* WORK REQUEST: The pictures in the listing below are to be skipped, while the lines between the line holding "مج بلون موف" and the line holding "截至目前,佳普乐智能卫浴空间", inclusive, are to be output exactly.

* THE DATA:
┄┄┄┄┄┄
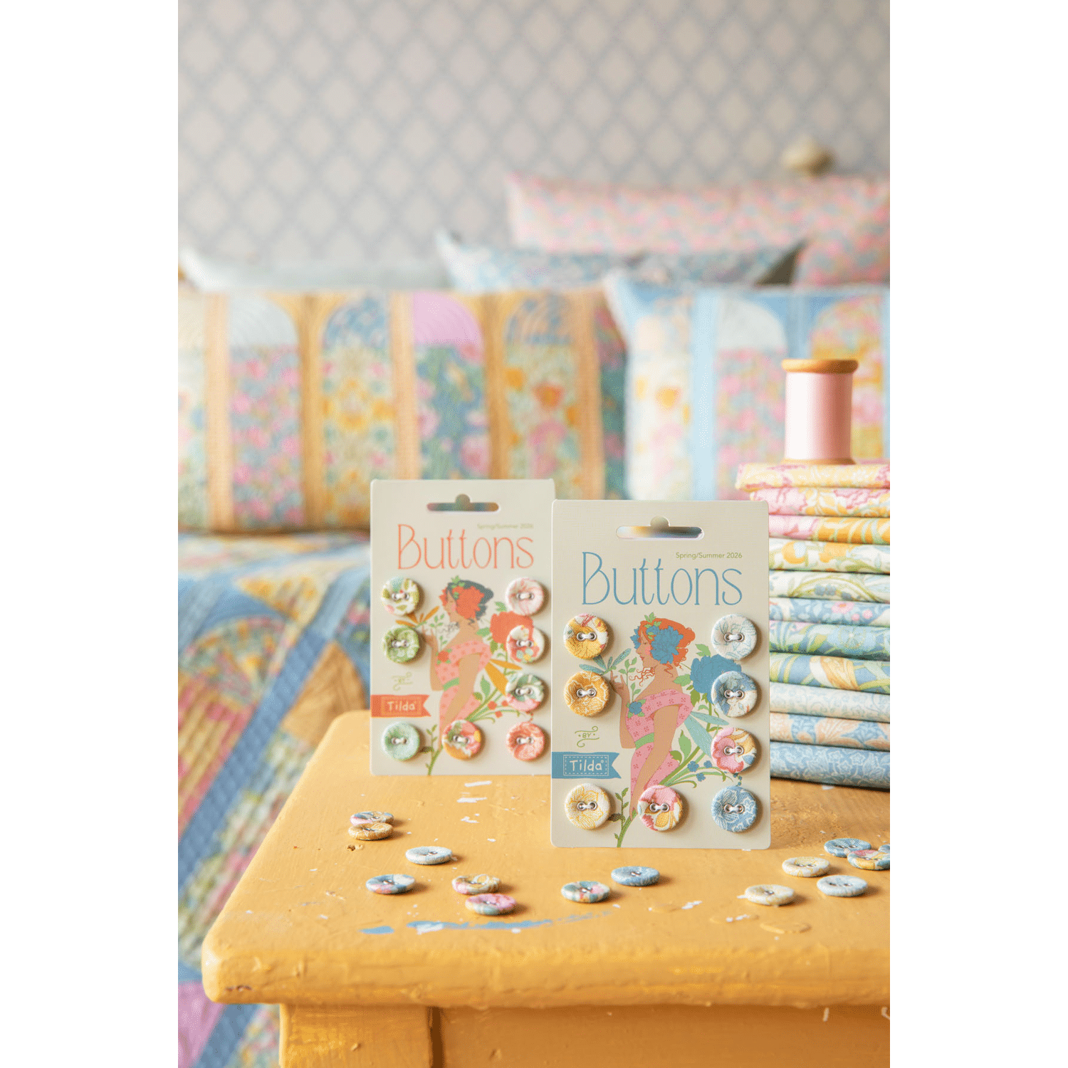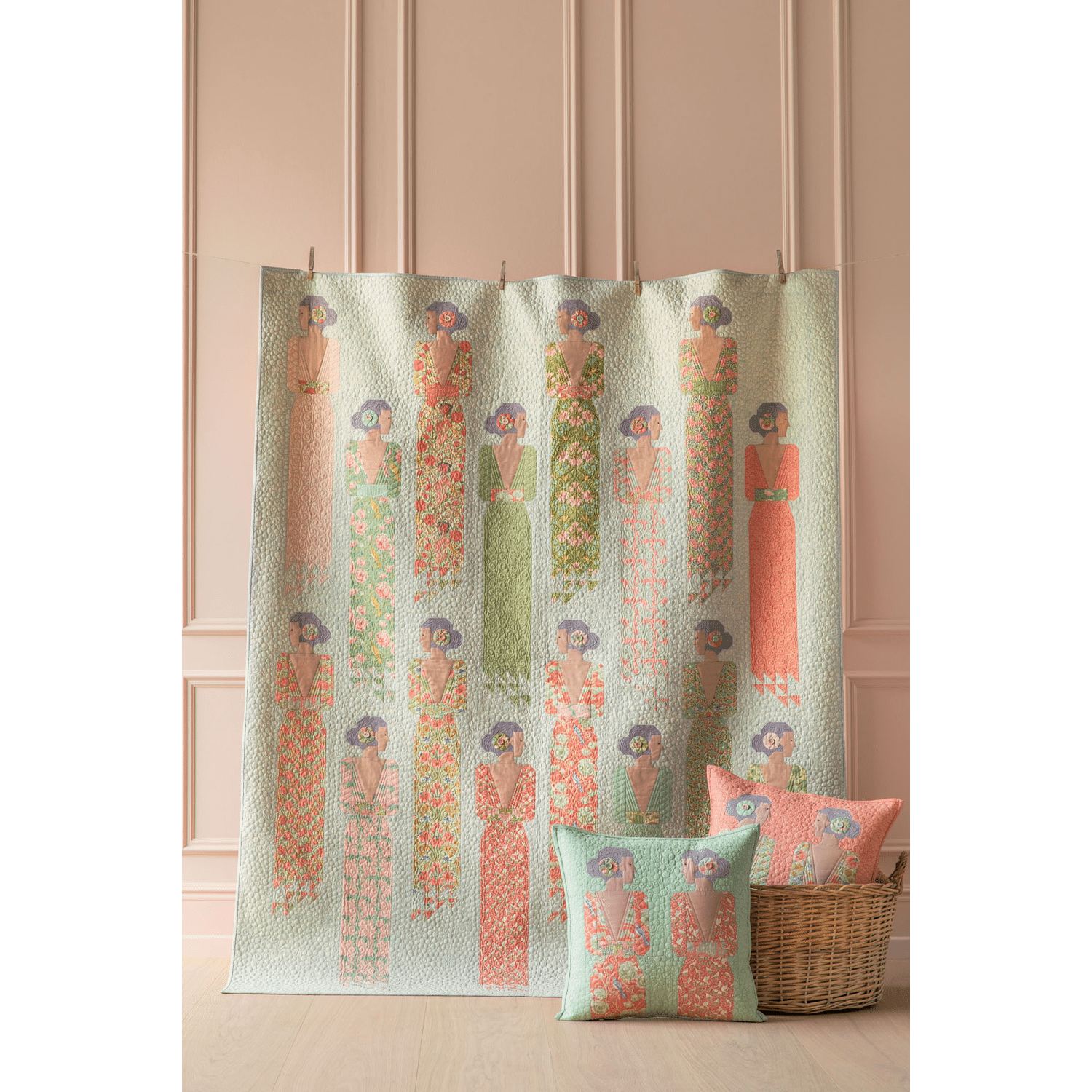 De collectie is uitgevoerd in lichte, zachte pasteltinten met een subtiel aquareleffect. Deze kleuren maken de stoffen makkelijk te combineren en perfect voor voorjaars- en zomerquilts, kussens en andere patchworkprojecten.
┄┄┄┄┄┄
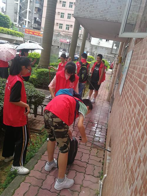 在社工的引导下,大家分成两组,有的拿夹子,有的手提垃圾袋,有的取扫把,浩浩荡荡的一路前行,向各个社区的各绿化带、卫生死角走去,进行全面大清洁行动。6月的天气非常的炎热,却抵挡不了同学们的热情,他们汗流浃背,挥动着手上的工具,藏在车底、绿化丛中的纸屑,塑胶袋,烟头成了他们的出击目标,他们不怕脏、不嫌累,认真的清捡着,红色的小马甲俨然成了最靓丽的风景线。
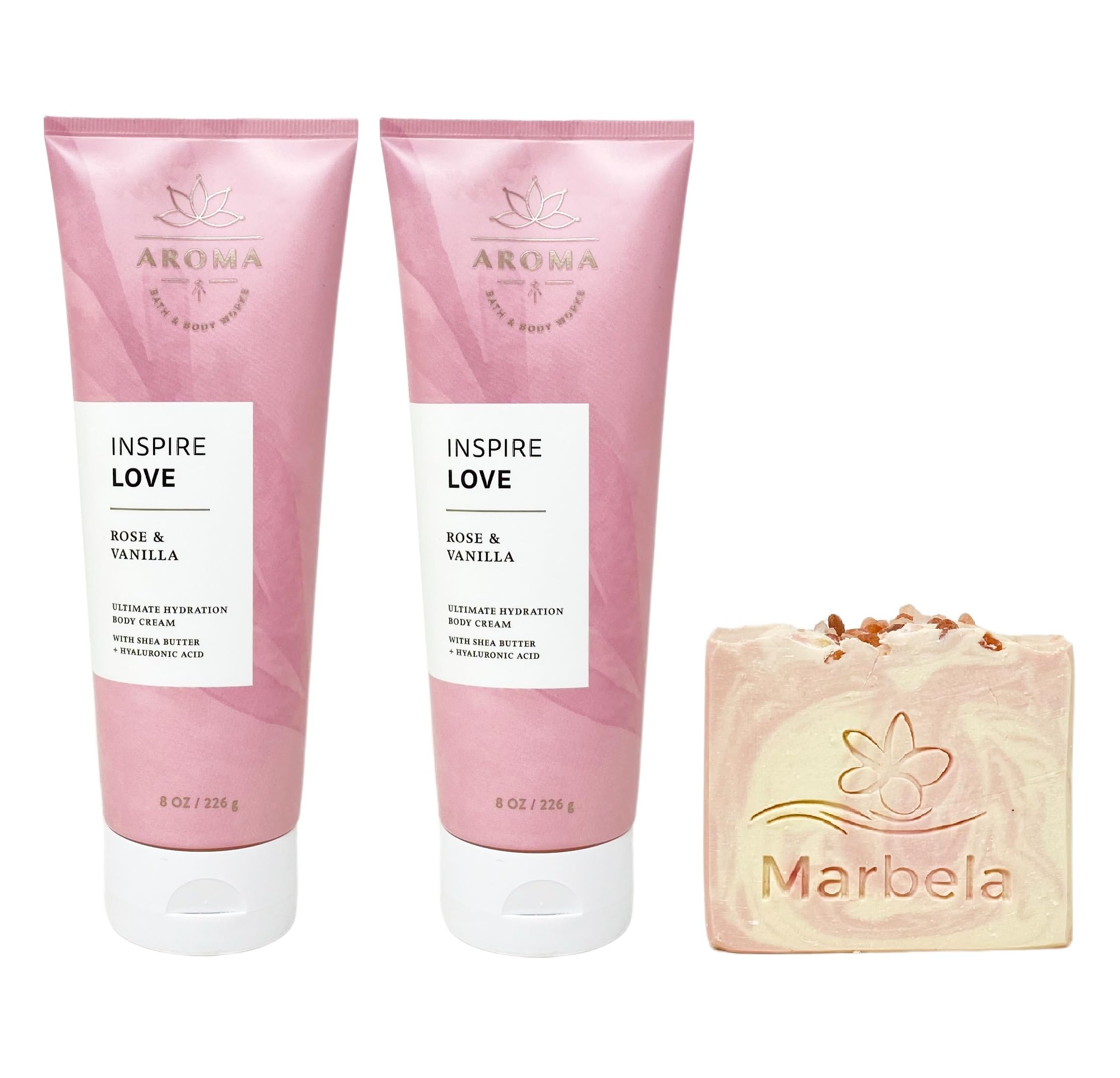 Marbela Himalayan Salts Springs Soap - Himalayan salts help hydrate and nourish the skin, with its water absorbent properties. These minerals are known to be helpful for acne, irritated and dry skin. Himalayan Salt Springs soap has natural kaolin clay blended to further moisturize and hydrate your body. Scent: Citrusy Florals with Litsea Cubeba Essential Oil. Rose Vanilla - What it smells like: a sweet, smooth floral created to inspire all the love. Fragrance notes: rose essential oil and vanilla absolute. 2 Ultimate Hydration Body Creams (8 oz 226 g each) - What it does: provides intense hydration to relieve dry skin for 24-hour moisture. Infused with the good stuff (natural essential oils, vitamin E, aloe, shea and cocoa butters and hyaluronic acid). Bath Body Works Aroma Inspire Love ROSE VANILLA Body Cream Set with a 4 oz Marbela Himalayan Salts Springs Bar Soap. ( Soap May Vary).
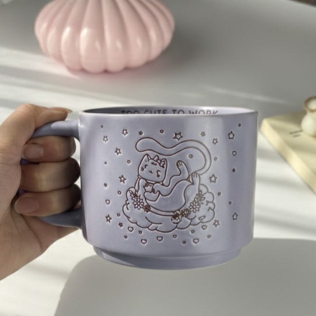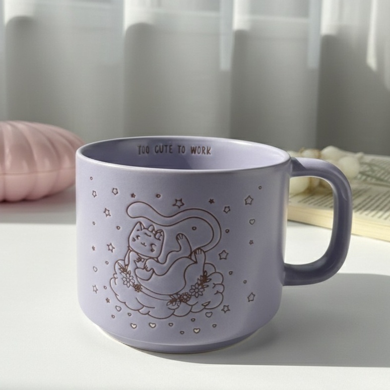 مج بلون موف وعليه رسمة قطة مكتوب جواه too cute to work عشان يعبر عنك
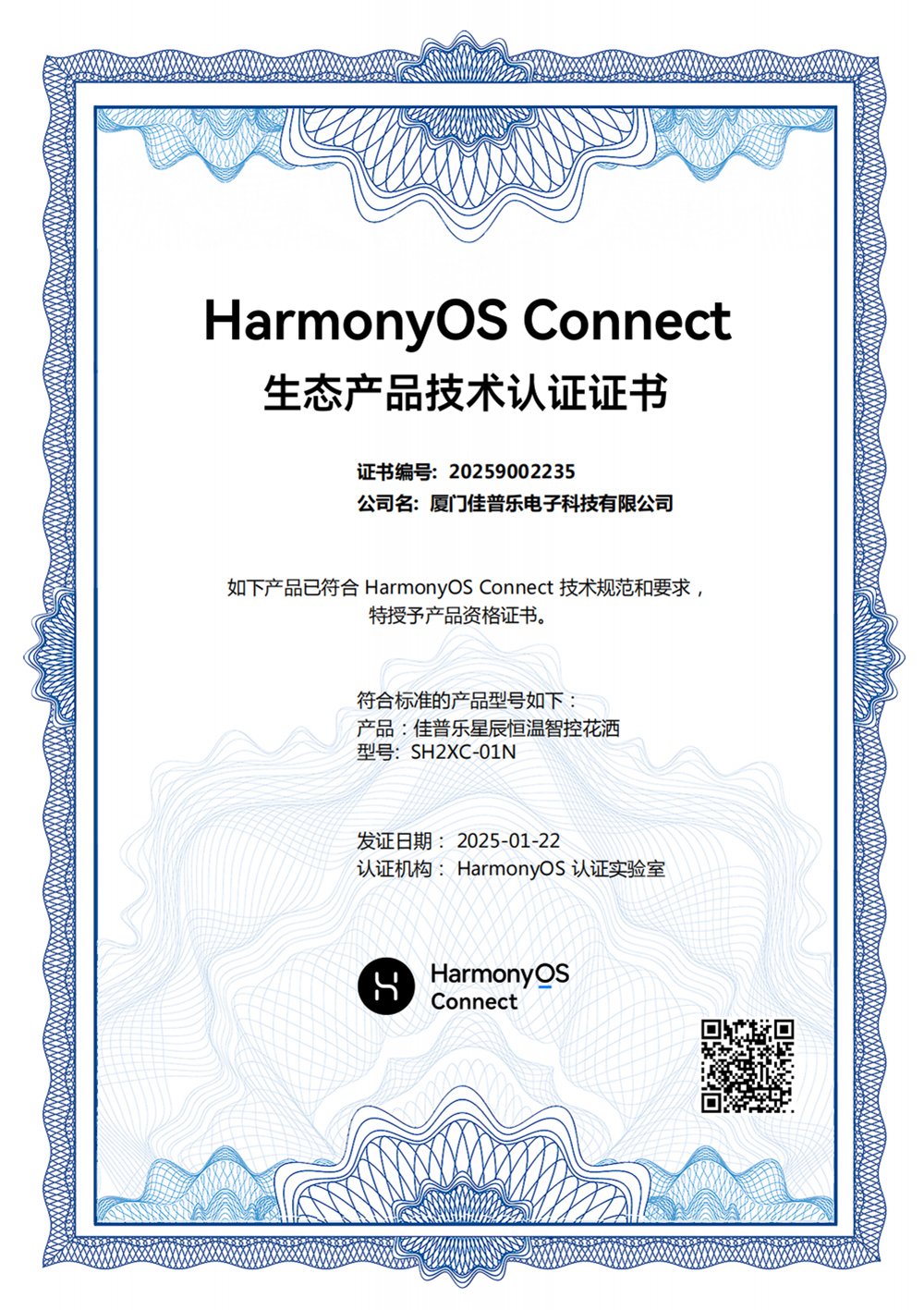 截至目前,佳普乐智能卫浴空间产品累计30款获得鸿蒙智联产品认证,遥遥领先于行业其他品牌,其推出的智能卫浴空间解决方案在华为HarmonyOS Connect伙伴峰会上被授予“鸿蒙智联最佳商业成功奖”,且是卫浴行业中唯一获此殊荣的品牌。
┄┄┄┄┄┄
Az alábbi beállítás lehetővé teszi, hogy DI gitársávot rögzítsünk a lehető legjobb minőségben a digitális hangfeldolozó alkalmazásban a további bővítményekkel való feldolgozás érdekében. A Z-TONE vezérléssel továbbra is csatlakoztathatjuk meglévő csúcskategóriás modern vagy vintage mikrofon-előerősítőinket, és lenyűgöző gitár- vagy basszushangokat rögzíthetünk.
┄┄┄┄┄┄
* EXERCISE ANSWER:
 مج بلون موف وعليه رسمة قطة مكتوب جواه too cute to work عشان يعبر عنك
 截至目前,佳普乐智能卫浴空间产品累计30款获得鸿蒙智联产品认证,遥遥领先于行业其他品牌,其推出的智能卫浴空间解决方案在华为HarmonyOS Connect伙伴峰会上被授予“鸿蒙智联最佳商业成功奖”,且是卫浴行业中唯一获此殊荣的品牌。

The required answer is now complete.